Rosenbaum mentored younger reporters, and taught at his alma mater, Dartmouth College, at Stanford University, and at other colleges and universities.

==Death and aftermath==
Rosenbaum's 2006 death, under dramatic circumstances, led to reforms in the troubled emergency services system of the District of Columbia, and brought attention to related public safety issues nationwide.

===Death===
Less than a month after his retirement, Rosenbaum died on January 8, 2006, from a brain injury caused by a blow to the head during a robbery on January 6, near his Washington, D.C. home while out for a walk. Emergency services personnel mistakenly thought him intoxicated, and delayed his treatment, and emergency room staff at Howard University Hospital ignored him for hours—factors alleged to contribute to his death.

===Criminal case===
After store surveillance cameras revealed they had used Rosenbaum's credit cards, cousins Michael C. Hamlin and Percey Jordan, Jr. turned themselves into authorities and confessed to the robbery. Hamlin agreed to testify against Jordan, accusing him of killing Rosenbaum with a heavy plastic pipe. At trial, Jordan was convicted of first-degree murder and sentenced to 65 years in prison. Hamlin plead guilty to second-degree murder and was sentenced to 26 years in prison. An appeals court upheld Jordan's conviction in 2011.
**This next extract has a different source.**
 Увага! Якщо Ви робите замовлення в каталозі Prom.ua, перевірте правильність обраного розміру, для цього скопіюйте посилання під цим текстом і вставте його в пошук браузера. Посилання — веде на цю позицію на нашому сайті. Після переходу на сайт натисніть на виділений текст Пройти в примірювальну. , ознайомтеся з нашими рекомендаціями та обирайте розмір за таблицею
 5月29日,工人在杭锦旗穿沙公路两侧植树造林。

===System reform settlement===
Rosenbaum's family—including his widow, Virginia (a prominent corporate governance analyst, for many years lead analyst for Washington's Investor Responsibility Research Center), brother, Marcus (a senior editor at NPR in Washington), son, Daniel (a photographer for The Washington Times), daughter, Dottie, and son-in-law, Toby—charged Washington's emergency services system with contributing to Rosenbaum’s death. An investigation validated their concerns.

The D.C. inspector general's "scathing", high-profile, public report described the circumstances of Rosenbaum's death as "an unacceptable chain of failure", blaming delayed or inappropriate responses by firefighters, paramedics, police officers and hospital staff—and citing systemic and cultural failures that plagued the District's emergency services system. The report led to a public apology by the City's Fire and EMS Chief, and drew national attention to the issues raised about emergency services nationwide.
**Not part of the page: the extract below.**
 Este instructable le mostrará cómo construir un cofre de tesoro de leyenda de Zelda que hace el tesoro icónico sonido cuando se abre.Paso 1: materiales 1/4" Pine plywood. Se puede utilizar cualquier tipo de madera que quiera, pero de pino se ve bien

Rosenbaum's family agreed to forgo a suit against the city in exchange for the creation of a task force to investigate and improve Washington's emergency services. In cooperation with incoming Washington mayor Adrian Fenty (who had conferred with Rosenbaum's survivors before his election), the Rosenbaum family's settlement with authorities, signed in March, 2007, produced the Task Force on Emergency Medical Services (often called the "Rosenbaum EMS task force"). The task force produced numerous recommendations for emergency services reform in Washington, D.C.

Reforms followed. By the start of 2008, the District of Columbia got a new fire chief and a full-time medical director, began electronic tracking of patient interactions, and enhanced its oversight of emergency services.

However, in 2009, many issues remained unresolved, and the Rosenbaum task force remained active.

===Family aftermath===
Rosenbaum's widow, Virginia ("Ginny") Rosenbaum—his wife for 39 years—died of cancer June 22, 2006, only five months after her husband.

Rosenbaum’s son-in-law, Toby Halliday, served as a member of the Rosenbaum EMS task force.

In 2007, Washington's pre-eminent local magazine, Washingtonian, named Rosenbaum's family "Washingtonians of the Year 2007" for their decision to forgo a $20 million lawsuit against the city, over Rosenbaum's death, in exchange for Washington's reform of its emergency services.

==Honors and awards==
- 1991: Polk Award (co-recipient) for coverage of the 1990 tax hike by then President George H. W. Bush. Shared with journalist Susan Rasky.
- Posthumous: David E. Rosenbaum Reporting Internship in Washington, D.C., sponsored by The New York Times.